SmithMillCreek--I am on twitter, but not much--Jodi7768. I don't think it makes sense to speak of the 'murderous natures' of Stalin and Mao. I'm not sure what counts as evidence of such a nature. On competence and incompetence--Stalin was surely competent in appointing people who would support him in his rise to power; he also seemed competent at eliminating opponents. Yet, this also put the USSR in a terrible position prior to WWII (decimating the upper echelons of the military seems really short-sighted). Both Stalin and Mao were remarkably successful at industrializing enormous, previously backwards countries. This also was done at enormous cost of human life. Is that a measure of incompetence or a wager that many don't think was worth the cost in human lives or some combination of these and other factors?

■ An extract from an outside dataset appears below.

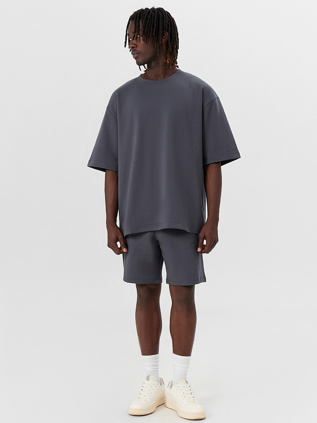 Мужской комплект станет отличным выбором для комфортного и стильного повседневного образа. Футболка прямого свободного кроя с круглой горловиной и слегка спущенной линией плеча добавляет расслабленный вид. Короткие рукава и обработка нижних срезов швом вподгибку обеспечивают аккуратный и завершенный вид. Шорты прямого свободного кроя длиной до колен создают удобство в движении, а эластичный пояс на кулиске позволяет подогнать посадку под индивидуальные предпочтения. Боковые карманы добавляют практичности и удобства. Изделие выполнено из интерлока — двойного трикотажа, известного своей прочностью, мягкостью и приятной текстурой. Он обладает высокой воздухопроницаемостью, эластичностью и долго сохраняет форму, не растягиваясь и не деформируясь. Этот материал обеспечивает комфорт в течение всего дня и идеально подходит для одежды, которая требует легкости и долговечности. Такой комплект идеально подходит для отдыха дома, прогулок или занятий спортом, сочетая функциональность и стиль. Комфортный и универсальный выбор для любого дня.
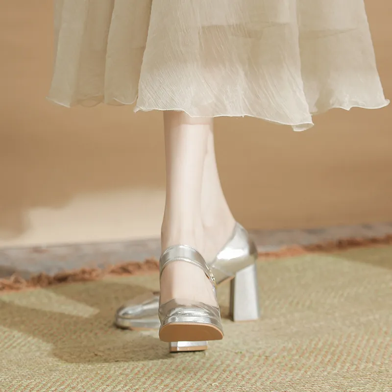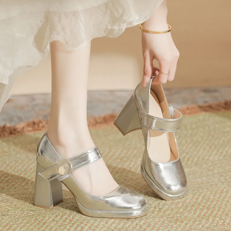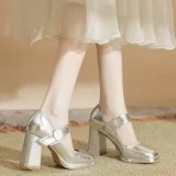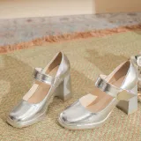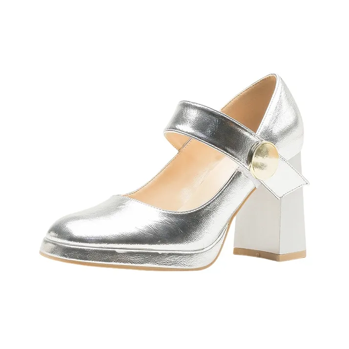 BIGTREE Грубый каблук Туфли Мэри Джейн Женские Серебряные

I haven't read the book you mentioned, although I should probably look for it. In the US, the period 1972-1975 is marked by more than a complaint regarding the gap between rich and poor. The anti-war movement, among many other movements, is huge. At the same time, unions are facing internal conflicts that involve quality of life questions.

Xan Cassiel

Adding to your list of shows, there were the working-class, blatantly non-high-tech cop shows (Barney Miller, Baretta and Colombo with his rickety car), Welcome Back Kotter and Chico and the Man, (set in the same neighbourhood as Sanford and Son, Watts). The thing that strikes me about these shows is the changing demographics of tv that more reflects the country as a whole - blacks, Hispanics, Asians, Puerto Rican Jews, single parents, etc.. There was also Fat Albert, which, along with Sanford and Son makes two shows where a junk yard plays a prominent role - literally living off the scraps of society. Anyway, I have some books to read about the 70s. The politics of the time have escaped me, but I grew up in front of the tv in the seventies and it really affected me and my views on race and class (I believe in a good way), more than I had noticed until I put some thought into it.

Jodi Dean

Omg--my list is totally inadequate. These are great additions (I wonder why I forgot the cop shows, particularly Barney miller?). And what about Taxi? That was a seventies show, right? anyway, thanks for the comment.